Redford CDP, Texas – Racial and ethnic composition Note: the US Census treats Hispanic/Latino as an ethnic category. This table excludes Latinos from the racial categories and assigns them to a separate category. Hispanics/Latinos may be of any race.
| Race / Ethnicity (NH = Non-Hispanic) | Pop 2000 | Pop 2010 | Pop 2020 | % 2000 | % 2010 | % 2020 |
|---|---|---|---|---|---|---|
| White alone (NH) | 15 | 7 | 0 | 11.36% | 7.78% | 0.00% |
| Black or African American alone (NH) | 0 | 0 | 1 | 0.00% | 0.00% | 2.33% |
| Native American or Alaska Native alone (NH) | 0 | 2 | 0 | 0.00% | 2.22% | 0.00% |
| Asian alone (NH) | 1 | 0 | 0 | 0.76% | 0.00% | 0.00% |
| Native Hawaiian or Pacific Islander alone (NH) | 0 | 0 | 0 | 0.00% | 0.00% | 0.00% |
| Other race alone (NH) | 0 | 0 | 1 | 0.00% | 0.00% | 2.33% |
| Multiracial (NH) | 0 | 0 | 0 | 0.00% | 0.00% | 0.00% |
| Hispanic or Latino (any race) | 116 | 81 | 41 | 87.88% | 90.00% | 95.35% |
| Total | 132 | 90 | 43 | 100.00% | 100.00% | 100.00% |

===2000 census===
As of the 2000 census, 132 people, 48 households, and 36 families resided in the CDP. The population density was 2.9 people per square mile (1.1/km^{2}). The 74 housing units had an average density of 1.6/sq mi (0.6/km^{2}). The racial makeup of the CDP was 87.88% White, 0.76% Native American, 0.76% Asian, and 10.61% from other races. Hispanic or Latino of any race were 87.88% of the population.

Of the 48 households, 39.6% had children under 18 living with them, 60.4% were married couples living together, 14.6% had a female householder with no husband present, and 25.0% were not families. About 18.8% of all households were made up of individuals, and 16.7% had someone living alone who was 65 or older. The average household size was 2.75, and the average family size was 3.25.

In the CDP, the age distribution of the population was 31.8% under 18, 6.1% from 18 to 24, 15.9% from 25 to 44, 22.0% from 45 to 64, and 24.2% who were 65 or older. The median age was 42 years. For every 100 females, there were 85.9 males. For every 100 females 18 and over, there were 83.7 males.

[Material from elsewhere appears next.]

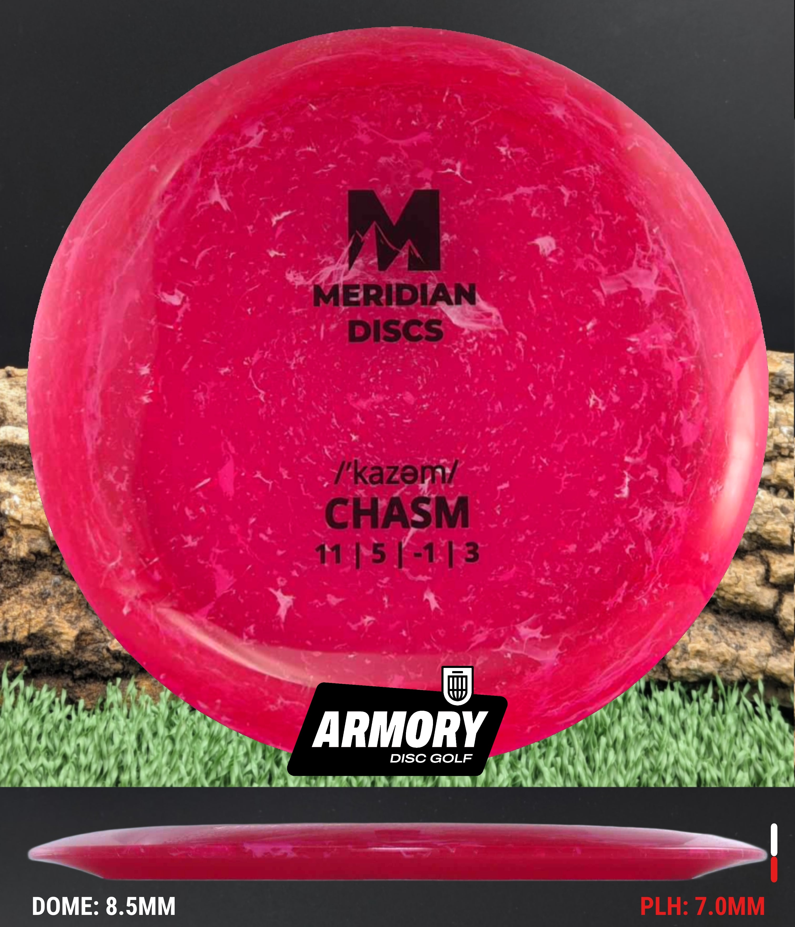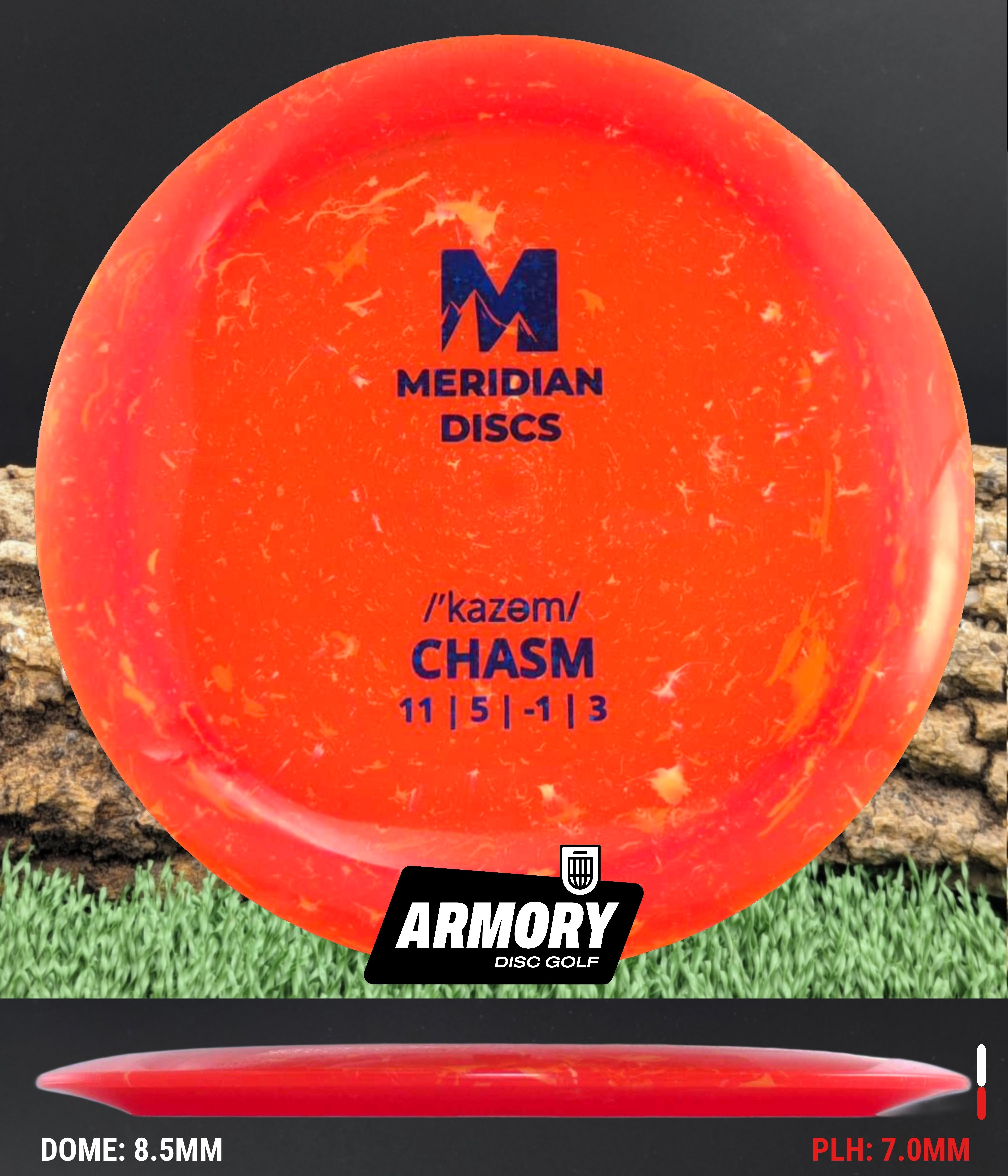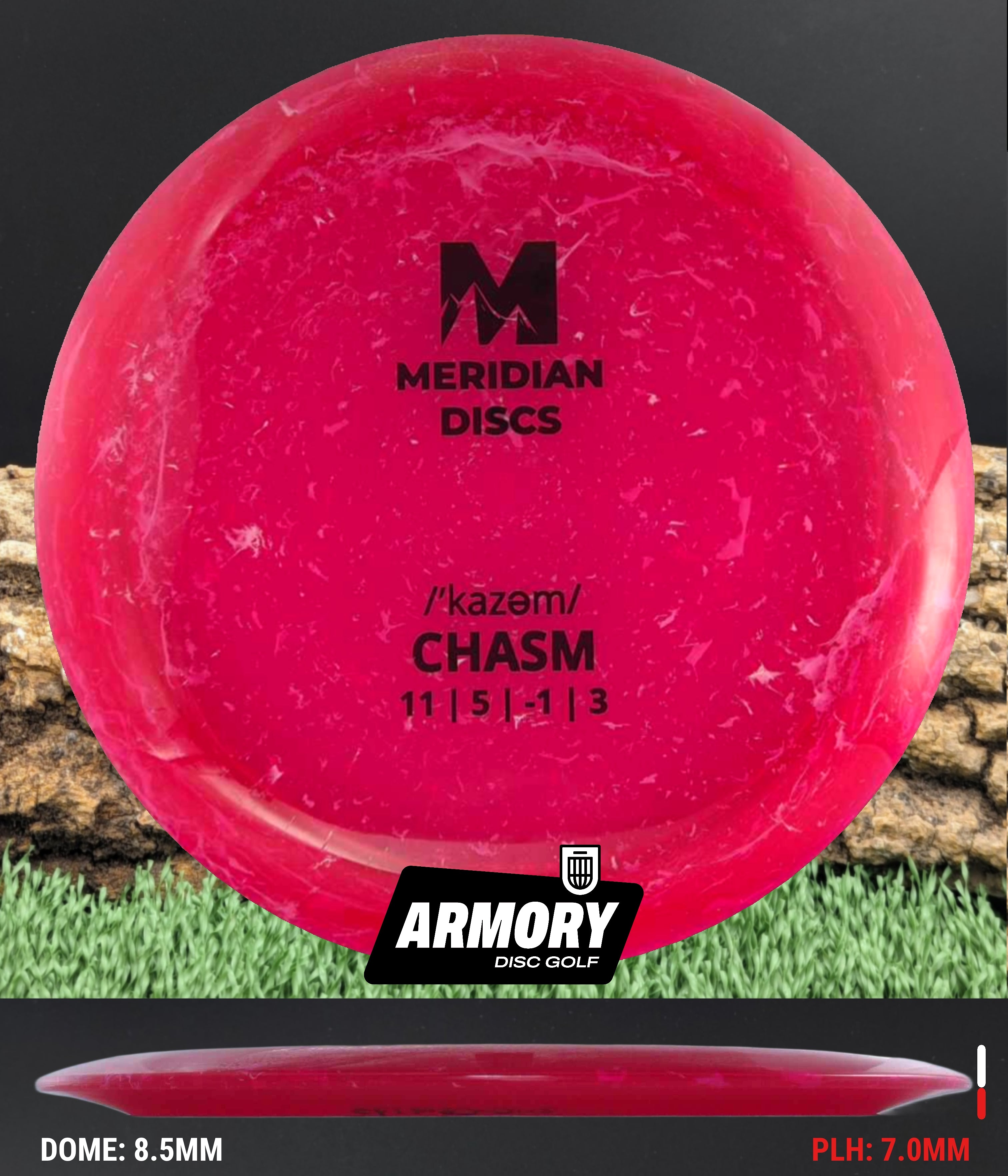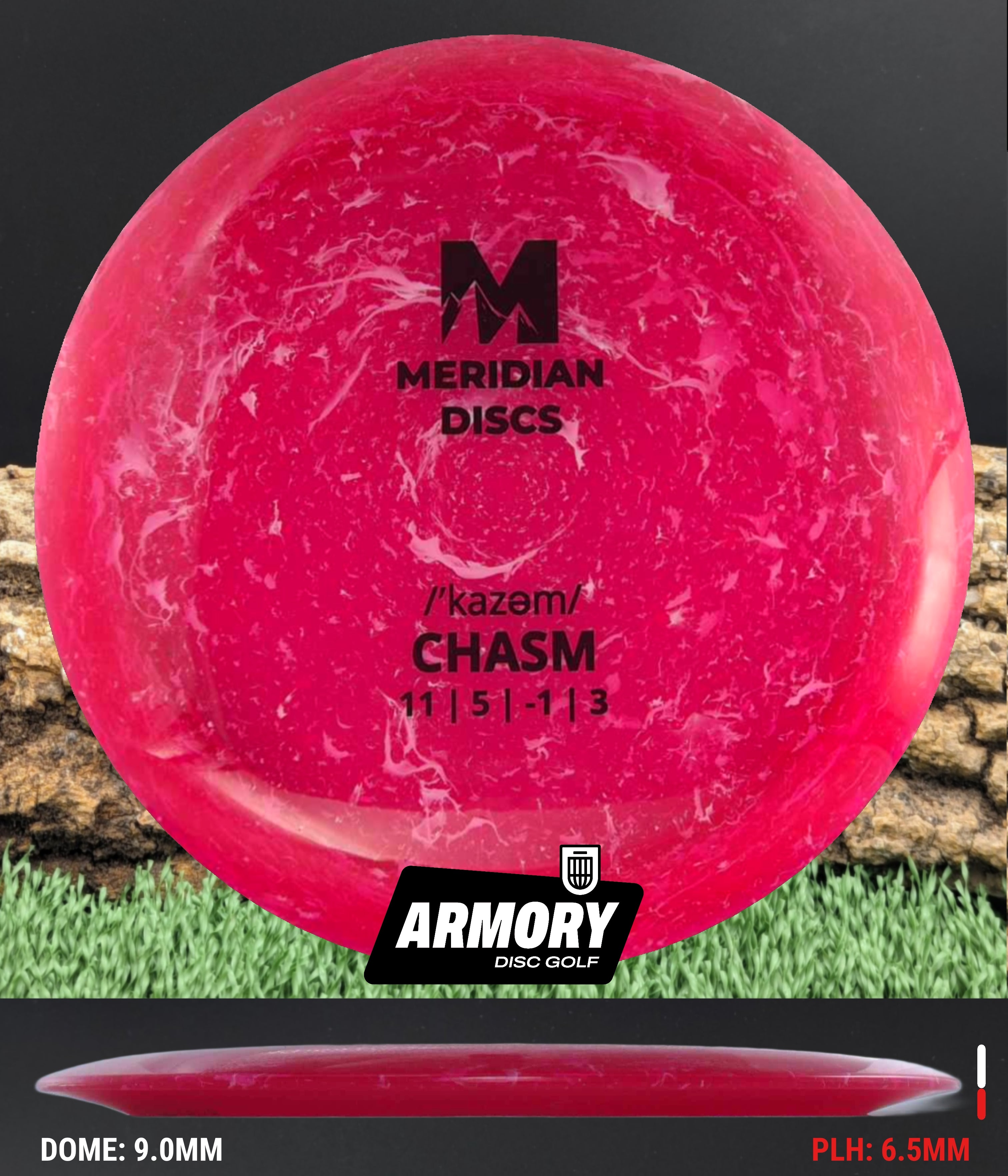 The Marbled Clarus Chasm pairs Meridian’s performance-driven Chasm mold with a striking Marbled Clarus plastic run—each disc a one-of-a-kind visual statement. Built for players who want distance with dependable control and a premium collectible look, the Chasm excels at long, controlled shots while staying confidently in the hand.

The median income in the CDP for a household was $15,417 and for a family was $15,903. Males had a median income of $16,250 versus $7,031 for females. The per capita income for the CDP was $3,577. About 65.7% of families and 83.8% of the population were living below the poverty line, including 100.0% of those under 18 and 37.0% of those over 64.

==Education==
Redford is served by the Marfa Independent School District.

Presidio County is within the Odessa College District.